Nam khao can be found at street stalls, restaurants, or served communal/potluck style on large trays at parties and other celebratory events. The dish has spread to Northeastern Thailand (Isan) and the rest of Thailand when Laotians and ethnic Lao from the Isan region migrated to Bangkok for work. The dish is also gaining popularity in the West where Laotians have immigrated. It was also named among the best street foods in Asia.

==Other names==
Naem khao is also known as naem Thadeua (ແໜມທ່າເດືອ, /lo/), naem khao tod (ແໜມເຂົ້າທອດ, /lo/), yam naem khao thot (ยำแหนมข้าวทอด, /th/) or naem khluk (แหนมคลุก, /th/) and translated or transliterated as Lao crispy rice salad, Lao fried rice ball salad.

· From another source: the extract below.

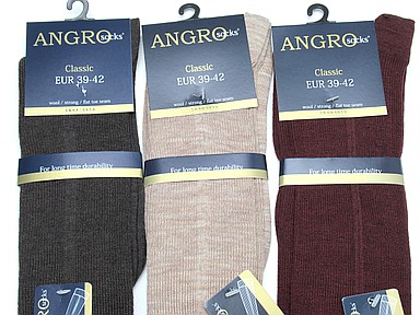 Beige and light brown men's kneehighs with wool and a terry cushion in a heavy duty style. They have a reinforced heel and toe so they wear out less quickly.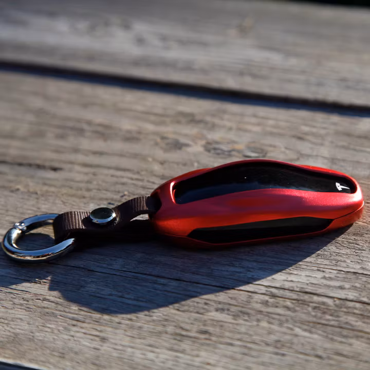 Snygg nyckelhållare i aluminium som skyddar din nyckel och har en elegant läderflärp som du enkelt fäster i din nyckelknippa.

==Ingredients and preparation==
Naem khao is made with deep-fried rice balls (similar to a spherical croquette), chunks of Lao-style Vietnamese fermented pork sausage (som moo or naem chua), chopped peanuts, grated coconut, sliced scallions or shallots, mint, cilantro, lime juice, fish sauce, and other ingredients. Nam khao is traditionally eaten as a wrap by filling an individual lettuce leaf with a spoonful of the nam khao mixture and then topping it with fresh herbs and dried chili peppers.

The traditional Lao method of making nam khao involves seasoning cooked rice with red curry paste, sugar, salt, and grated coconut, and then forming the mixture into tightly packed rice balls to be coated with eggs and deep-fried until crispy. Prior to serving, the crispy rice balls are broken into little chunks and then mixed with the rest of the fresh ingredients to form the eventual crispy rice salad.